Availability Zones are designed to provide separate failure domains while keeping workloads in relative proximity for low latency communications. Availability Zones are a good solution for synchronous replication of your databases using Mirroring, Always On Availability Groups, Basic Availability Groups, or Failover Cluster Instances. This is one of the main differences between most on-premises deployments and cloud deployments.

For critical components, preform multi-AZ, multi-region deployment to maintain system availability

Image Courtesy: https://www.mssqltips.com/sqlservertip/6397/azure-vm-high-availability-and-disaster-recovery-options-for-sql-server/

Chaos Engineering

Chaos Engineering is the discipline of experimenting on a system to build confidence in the system’s capability to withstand turbulent conditions in production.

It helps us to define “How much confidence we can have in the distributed and complex systems that we put into production?” We need to identify weaknesses before they manifest in system-wide, aberrant behaviors. Systemic weaknesses could take the form of; improper fallback settings when a service is unavailable; retry storms from improperly tuned timeouts; outages when a downstream dependency receives too much traffic; cascading failures when a single point of failure crashes; etc. We must address the most significant weaknesses proactively before they affect our customers in production.

Image courtesy: https://www.lynda.com/Developer-tutorials/DevOps-Foundations-Chaos-Engineering/5028636-2.html

Central Monitoring Mechanism

Most of the Data lake implementations have multiple components in a plug and play manner. These components may have their own monitoring patterns but as a best practice, there has to be a central monitoring framework covering all the components such that the system user can get a single pane view of all the monitoring logs and metrics of the Data lake system. Services like Cloud Watch and Azure monitor are good service which can be configured get this central monitoring mechanism enabled.

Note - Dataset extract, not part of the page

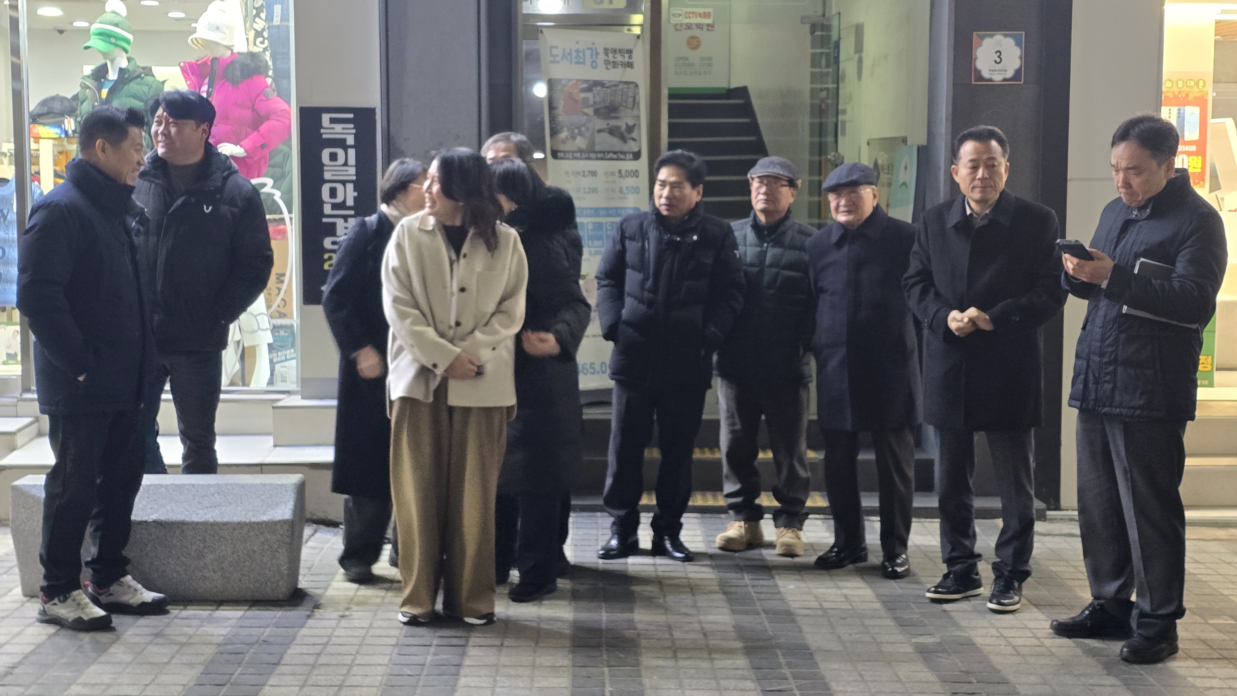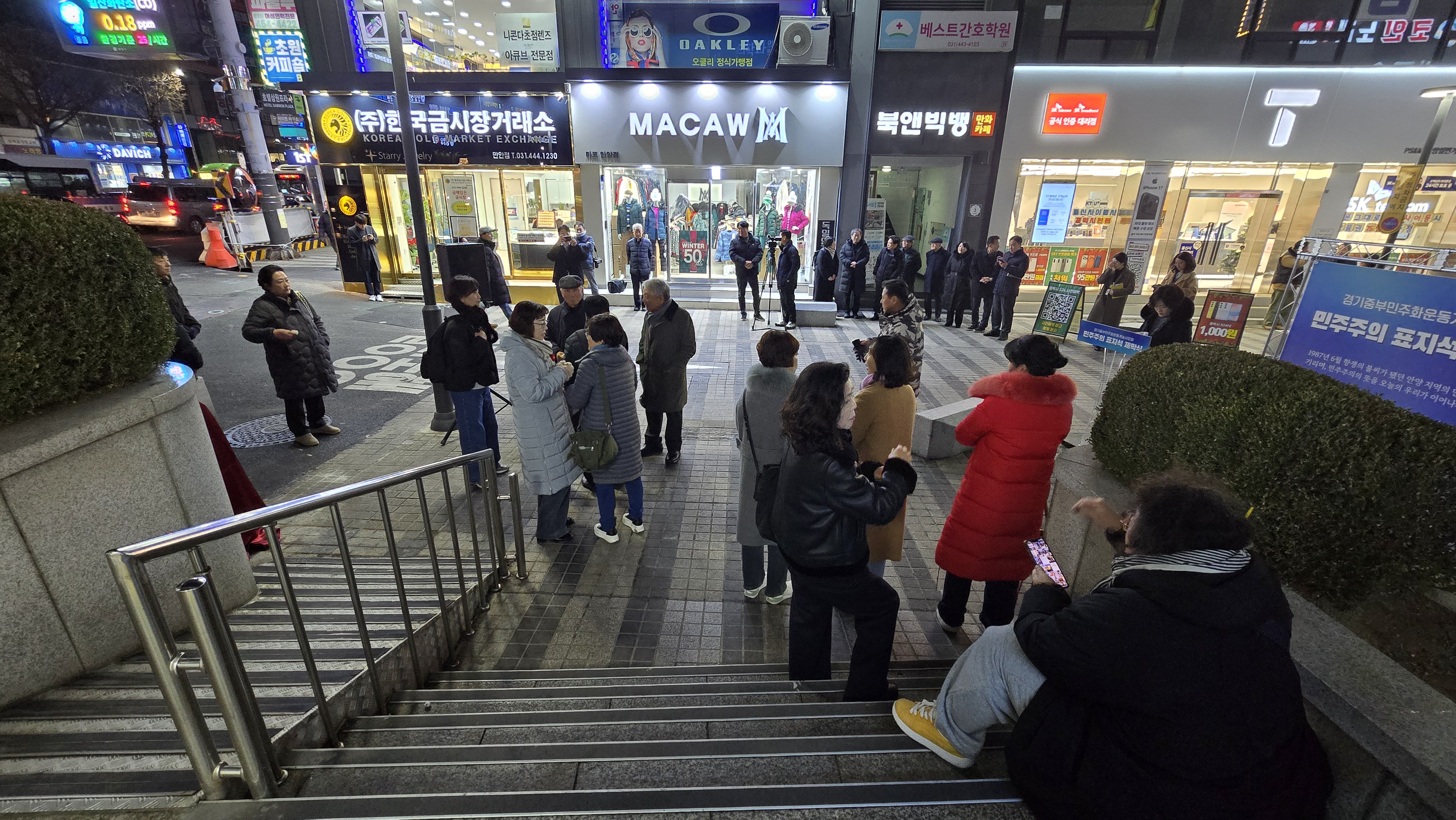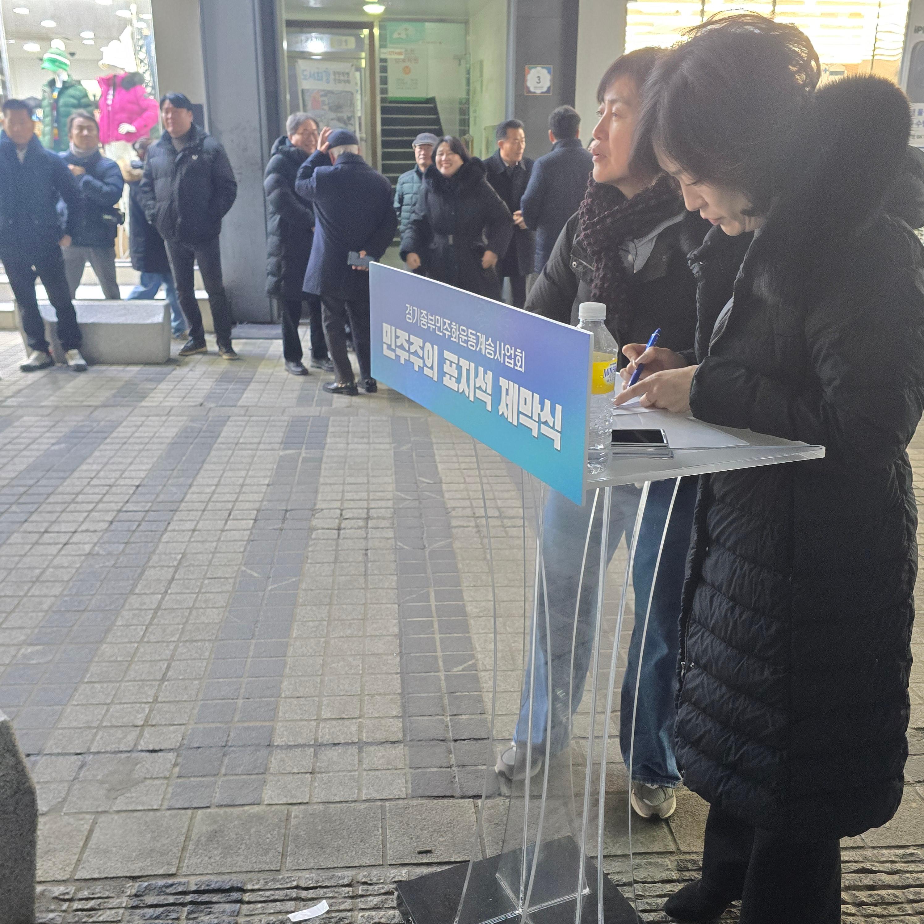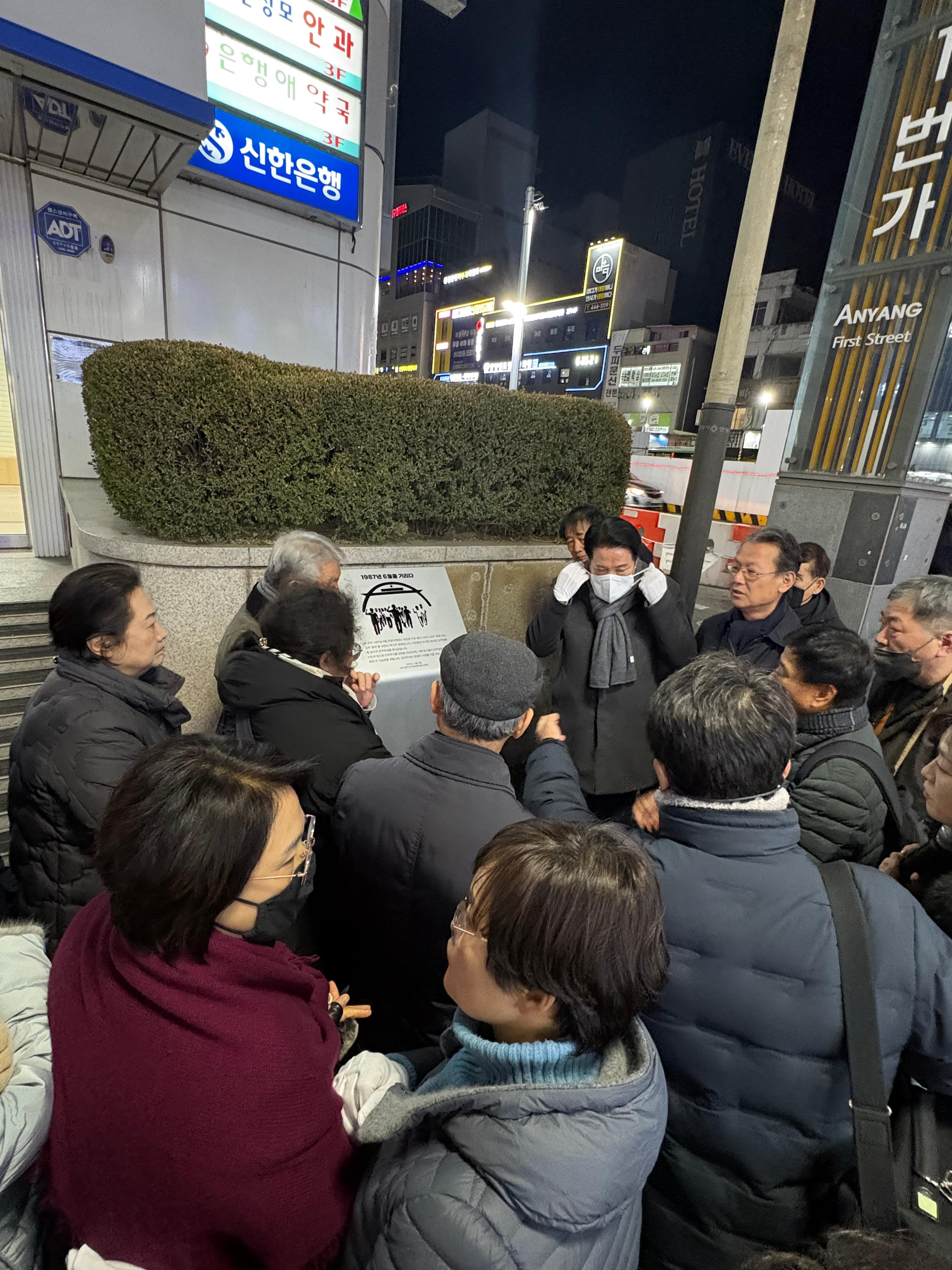 2025.12.09/ #도시기록 #안양 #민주주의 #표지석 #안양일번가/ 1987년 8월 안양지역로 최초로 수천명의 시민이 모여 "독재타도 #민주쟁취"를 외쳤던 역사적 현장인 안양일번가 입구 신한은행앞에 경기중부민주화운동계승사업회에서 설치한 민주주의 표지석이 세워져 2025년 12월 9일 오후6시 제막식을 가졌다.

Image Courtesy: https://www.networkmanagementsoftware.com/solarwinds-security-and-event-manager-review/

Automatic Ticket Generation

Whenever there is a failure scenario for data pipelines, in most of the ETL flows there is some sort of notification service configured which will send email to the stakeholders on the success or failure of particular data pipelines. One issue with such design is the tracking of the failure cases through emails and in most cases, low priority failure instances remain untracked or fall through slippage, until and unless there is a very strong process methodology in place. One good practice we are see emerging among clients is the integration of the ticketing system along with the Data Pipeline and ETL workflows. Any failure instance results in a ticket opened in the ticketing system which takes care of the notification, tracking, and SLA of the failure tickets. This has been very helpful in the high priority production workloads.

Conclusion

In this whitepaper, we described several best practices for designing, building, and deploying cloud-native data lake implementations. Some of the terms used here might be specific to a particular cloud platform vendor like AWS/Azure, but those are just for representation purpose and doesn’t specify any affinity towards a particular vendor. Each best-practice and associated trade-offs may be embraced according to particular business requirements. The four pillars of architectural best practices (design and tech choices, cost optimization, security, and operational execution) can be explored as applicable to data workloads and cloud/custom-built services supporting the requirements.

We hope that the discussion of these best practices sheds some additional light on a large number of features the big data applications implemented cloud-based data lake solutions. We also hope that this provides a new set of questions to consider in evaluating your own solutions. Abzooba Big Data and Cloud Practice will continue to innovate and build upon this foundation with more features and learnings that raise the bar in various Data Lake implementations across clients.